> _PROBLEM_:
For the entries below, the expected answer is the line with "Camiseta Regata Basquete", the line with "Explosión de tanque", and every line between them, exactly as written, and nothing more.

> _DATA SECTION_:
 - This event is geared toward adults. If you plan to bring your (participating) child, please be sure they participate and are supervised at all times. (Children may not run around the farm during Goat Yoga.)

==

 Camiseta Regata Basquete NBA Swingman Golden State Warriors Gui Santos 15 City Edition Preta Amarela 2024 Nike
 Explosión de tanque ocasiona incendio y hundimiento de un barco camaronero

> _ANSWER TO THE EXERCISE_:
 Camiseta Regata Basquete NBA Swingman Golden State Warriors Gui Santos 15 City Edition Preta Amarela 2024 Nike
 Explosión de tanque ocasiona incendio y hundimiento de un barco camaronero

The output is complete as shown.